## PROMPT
The lines below, from the one containing "Edytor tapety: Drzewa" through the one containing "RocketMQ采用prod", should be set down exactly, with no pictures and nothing else.
==== SUPPLIED DATA ====
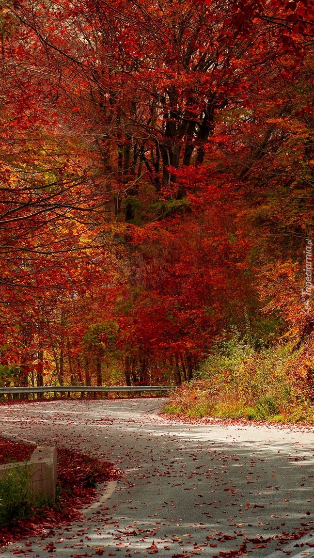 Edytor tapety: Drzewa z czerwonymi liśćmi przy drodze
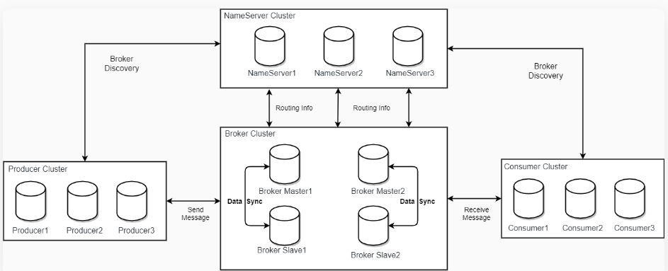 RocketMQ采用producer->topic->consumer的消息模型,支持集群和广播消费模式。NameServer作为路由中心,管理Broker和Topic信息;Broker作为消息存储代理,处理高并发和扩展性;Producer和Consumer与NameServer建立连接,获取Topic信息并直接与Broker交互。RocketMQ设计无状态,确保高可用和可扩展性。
====
==== SUPPLIED DATA ====
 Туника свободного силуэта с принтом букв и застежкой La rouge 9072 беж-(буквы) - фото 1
====
==== SUPPLIED DATA ====
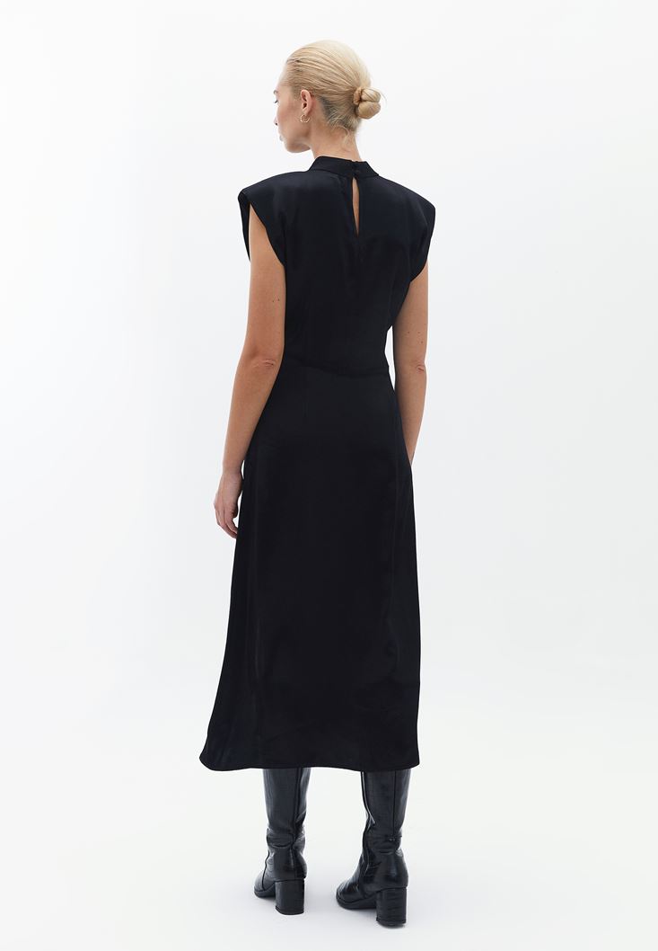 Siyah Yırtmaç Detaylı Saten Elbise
====
## EXPECTED ANSWER
 Edytor tapety: Drzewa z czerwonymi liśćmi przy drodze
 RocketMQ采用producer->topic->consumer的消息模型,支持集群和广播消费模式。NameServer作为路由中心,管理Broker和Topic信息;Broker作为消息存储代理,处理高并发和扩展性;Producer和Consumer与NameServer建立连接,获取Topic信息并直接与Broker交互。RocketMQ设计无状态,确保高可用和可扩展性。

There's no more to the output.